Главным наследником, мозгом и реальным правителем стал старший, Гиппий. Он был человеком серьёзным, опытным, прошедшим с отцом огонь, воду и три захвата власти. По-видимому, он унаследовал отцовские политические таланты, его ум, его хватку и его умение держать нос по ветру. Именно он занимался скучной рутиной управления государством: следил за финансами, курировал внешнюю политику, расставлял нужных людей на нужные посты. Он был, так сказать, генеральным директором семейной корпорации.
Его младший брат, Гиппарх, был совсем из другого теста. Если Гиппий был трудоголиком, то Гиппарх был типичным представителем золотой молодежи, мажором, родившимся с серебряной ложкой во рту. Политика его интересовала постольку-поскольку, как скучное занятие для старшего брата. Его страстью были искусство, поэзия, роскошные пиры и, конечно, красивые мальчики. Он играл роль эдакого «министра культуры» и главного тусовщика при дворе своего брата. Он окружил себя самыми модными и талантливыми поэтами того времени, вроде Симонида Кеосского и Анакреонта, которые за хороший гонорар и место за столом писали ему хвалебные оды. Он украшал город статуями, покровительствовал ремеслам и вообще отвечал за гламур и красивую картинку. Третий сын, Фессал, был, по-видимому, еще моложе и вообще ни на что не влиял, так что древние авторы упоминают его лишь вскользь.

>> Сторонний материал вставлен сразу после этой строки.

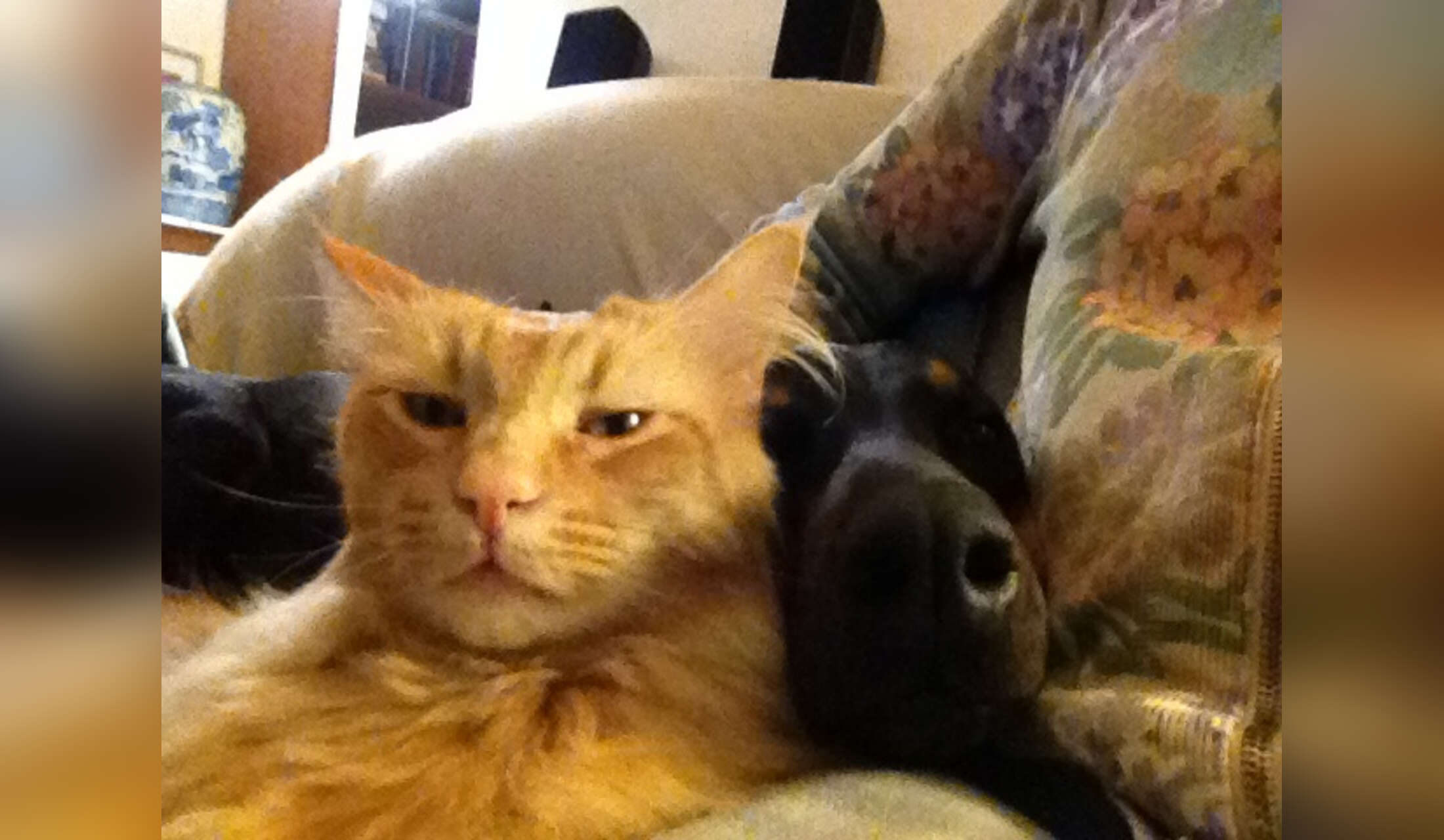 My main photo here shows one such scene. I am seated with my beloved housemate (and dog-whisperer), a rescued Norwegian Forest Cat named Tomas Coeur de Lion. Tomas tamed our previously cat-averse Dobermann neighbor. The dog would not want to get off the couch to go home when they came to collect her!

И поначалу всё шло хорошо. Братья мудро решили не ломать то, что и так прекрасно работало. Они продолжали политику отца, и «золотой век» в Афинах задержался подольше. Народ был сыт и доволен, аристократия, прижав уши, сидела тихо, экономика росла, оливковое масло текло рекой. Гиппий и Гиппарх, как пишет суровый Фукидид, «воспитывали в гражданах доблесть», не повышали налогов, строили храмы и вообще изо всех сил старались быть хорошими, просвещенными правителями. Гиппий, как и отец, негласно контролировал выборы, следя, чтобы на важные государственные посты архонтов избирались «свои люди», но в целом сохранял видимость законности и «солоновских» порядков. Гиппарх же развлекался и тратил деньги на культуру, делая Афины еще более пышным и привлекательным центром эллинского мира. Казалось, эта пасторальная идиллия будет длиться вечно. Но, как это часто бывает в истории, всё испортил секс. А точнее, неразделенная любовь, уязвленное мужское эго и последующая цепь глупых, даже идиотских решений.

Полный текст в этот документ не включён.